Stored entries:
□ □ □ □ □ □ □

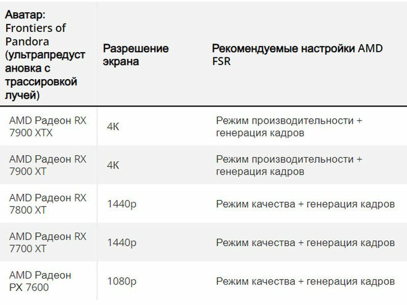 Avatar: Frontiers of Pandora - это настоящая игра нового поколения, которая значительно требовательна к устаревшим видеокартам и даже современным ПК, поскольку трассировка лучей постоянно включена в каждом графическом пресете игры. Однако благодаря технологии AMD FidelityFX Super Resolution 3 (FSR 3) с включенной генерацией кадров игроки могут ожидать более 100 FPS при игре на настройках Ultra в режиме FSR 3 Quality на всех видеокартах серии AMD Radeon RX 7000. Играет ли пользователь в 4K с Radeon RX 7900 XTX и RX 7900 XT, в 1440p с Radeon RX 7800 XT или RX 7700 XT, или в 1080p с RX 7600 - графика AMD Radeon вместе с процессорами AMD Ryzen обеспечивают превосходный и захватывающий игровой опыт.
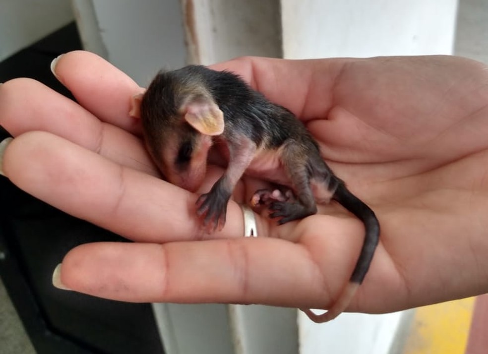 Morador de Votorantim (SP) encontrou filhote de gambá no meio da rua — Foto: Arquivo Pessoal
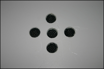 Hot glue is used to attach screen to the large end of a funnel for each individual cage.
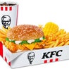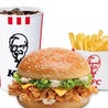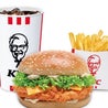 Menu con un contorno a scelta, una bibita e il Burger del Colonnello. Bacon, formaggio, insalata, salsa barbecue, maionese e un irresistibile filetto Original Recipe, preparato secondo la sua leggendaria ricetta, con il mix segreto di 11 erbe e spezie.
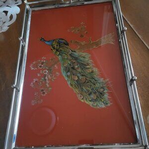 Vintage reverse painted glass Peacock tray with Chrome finishes. Beautiful to display, use on a dressing table to host your perfumes. Just a very lovely piece of history. The painting is beautifully detailed with a red background. Colors are vibrant! I wouldn't use this for serving, I have basically just wiped this to clean. These are rare to find in this excellent condition! I love this piece and used it as a backdrop to various collectible peacock pieces.
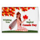 Pixie canadienne mignonne tenant une feuille d'érable rouge. Le texte dit "Souhaitez-vous une fête du Canada magique". Customisez à l'intérieur des zones de salutation, de message et de signature.
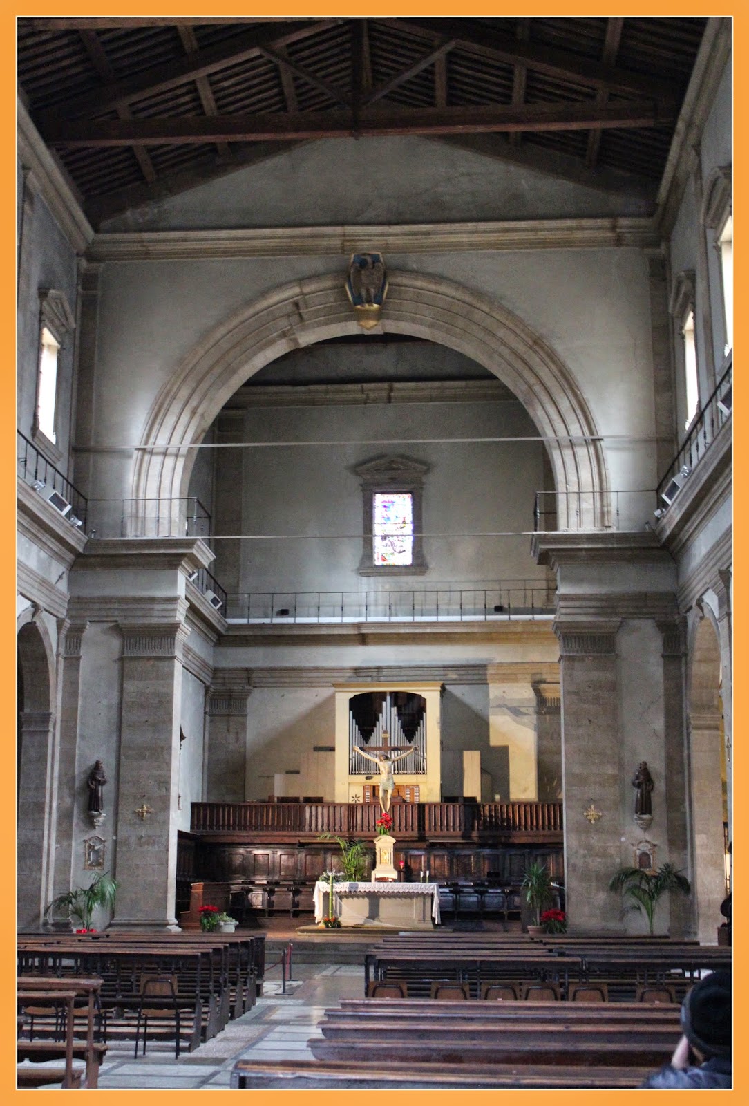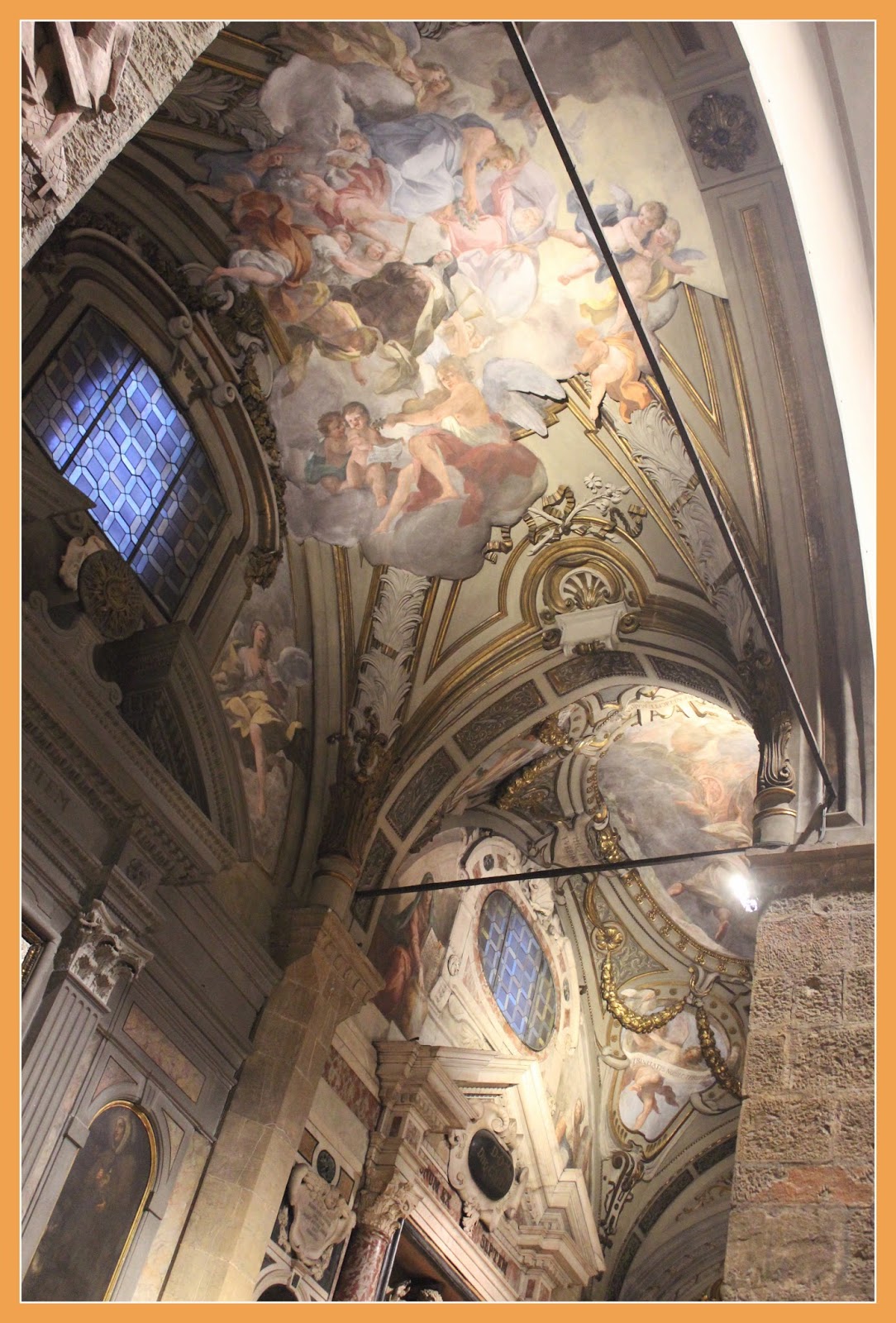 Apesar da sua simplicidade exterior e interior, devo dizer que fiquei absolutamente encantada com os frescos do tecto, muito ao estilo dos das igrejas de Roma.
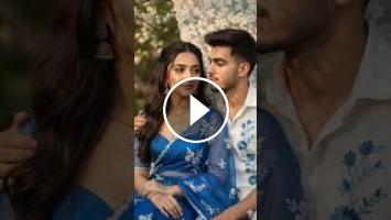Create a dreamy, young couples portrait where warm sunlight filters through lace or floral cutouts, casting magical patterns on the skin. Her makeup is soft and romantic, and her expression is gentle, almost enchanted. She's wearing a sheer cobalt blue white flower paint saree with a matching sweetheart neck blouse and matching accessories. Her long dark brown hair is messy open, and the shadows move as if telling a story. Style:soft glam, feminine, natural. A Man matching outfits.
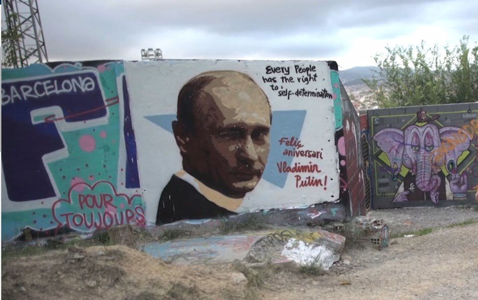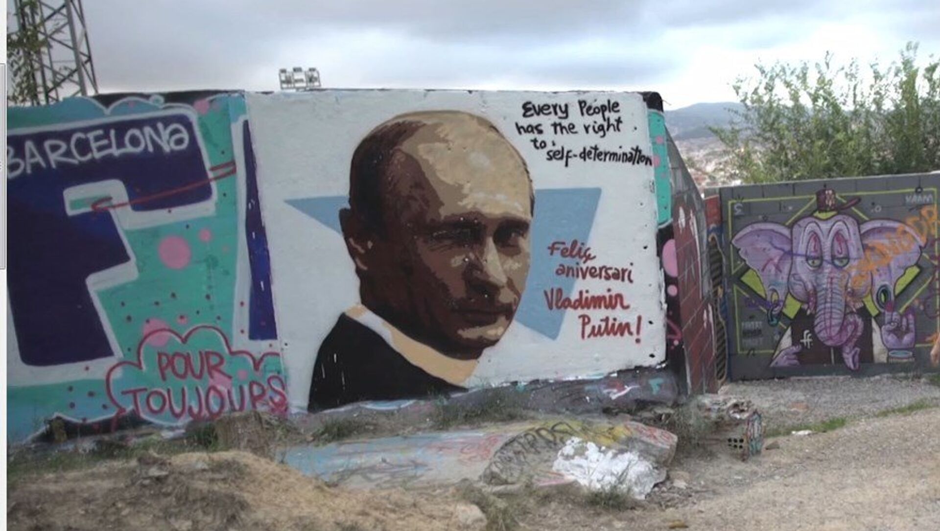 En la ciudad española de Barcelona, capital de Cataluña, apareció el 6 de octubre un grafiti del presidente de Rusia, Vladímir Putin, en vísperas del cumpleaños del líder ruso que cumple 65 años el 7 de octubre.
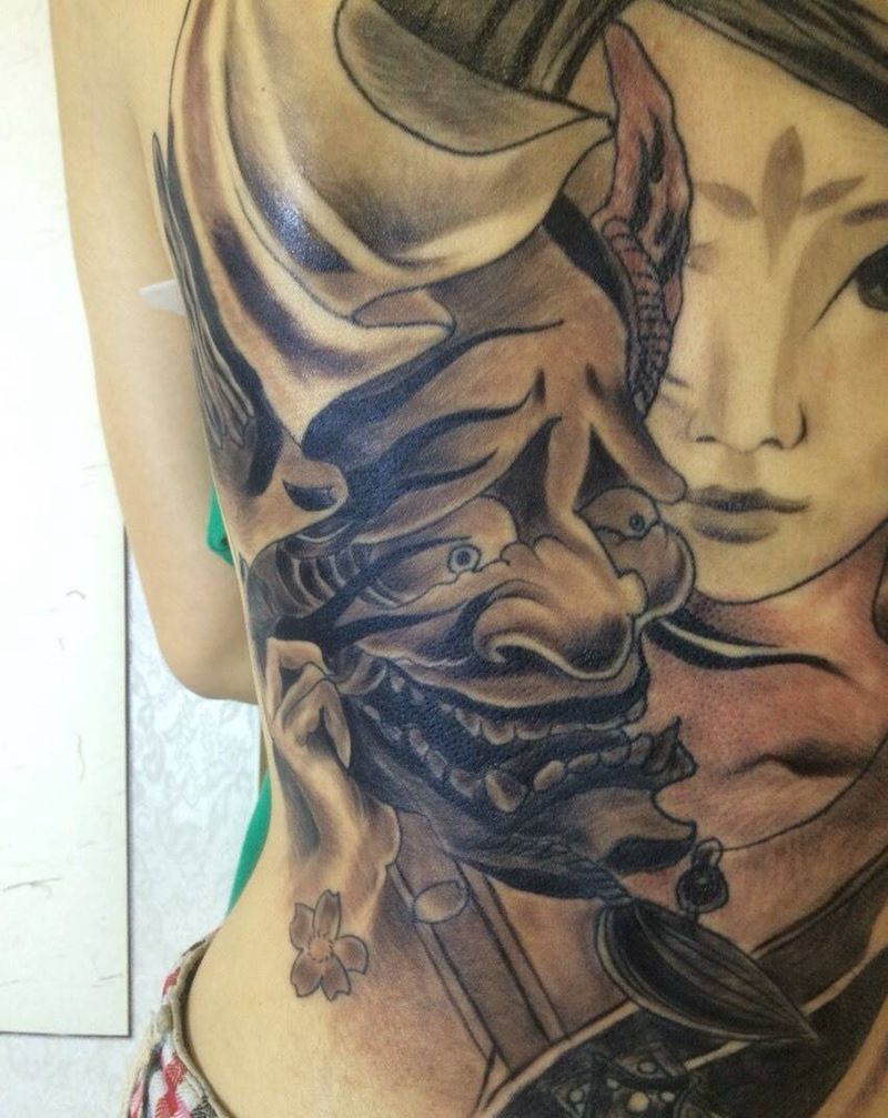 当前位置: 首页 >广东省深圳市纹身店-深圳-七道刺青社TATTOO STUDIO纹身图案>艺妓般若纹身图片_成品背部传统人物鬼神纹身图案
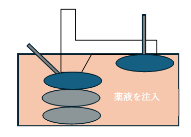 基礎外周部や内側から地盤中に薬液を注入し、注入圧力(薬液が上に押し上げる力)

□ □ □ □ □ □ □

**Action item**
Repeat exactly the lines above, beginning at the one containing "Morador de Votorantim" and ending at the one containing "Create a dreamy, young". Do not carry over any pictures.

**Exercise output**
 Morador de Votorantim (SP) encontrou filhote de gambá no meio da rua — Foto: Arquivo Pessoal
 Hot glue is used to attach screen to the large end of a funnel for each individual cage.
 Menu con un contorno a scelta, una bibita e il Burger del Colonnello. Bacon, formaggio, insalata, salsa barbecue, maionese e un irresistibile filetto Original Recipe, preparato secondo la sua leggendaria ricetta, con il mix segreto di 11 erbe e spezie.
 Vintage reverse painted glass Peacock tray with Chrome finishes. Beautiful to display, use on a dressing table to host your perfumes. Just a very lovely piece of history. The painting is beautifully detailed with a red background. Colors are vibrant! I wouldn't use this for serving, I have basically just wiped this to clean. These are rare to find in this excellent condition! I love this piece and used it as a backdrop to various collectible peacock pieces.
 Pixie canadienne mignonne tenant une feuille d'érable rouge. Le texte dit "Souhaitez-vous une fête du Canada magique". Customisez à l'intérieur des zones de salutation, de message et de signature.
 Apesar da sua simplicidade exterior e interior, devo dizer que fiquei absolutamente encantada com os frescos do tecto, muito ao estilo dos das igrejas de Roma.
Create a dreamy, young couples portrait where warm sunlight filters through lace or floral cutouts, casting magical patterns on the skin. Her makeup is soft and romantic, and her expression is gentle, almost enchanted. She's wearing a sheer cobalt blue white flower paint saree with a matching sweetheart neck blouse and matching accessories. Her long dark brown hair is messy open, and the shadows move as if telling a story. Style:soft glam, feminine, natural. A Man matching outfits.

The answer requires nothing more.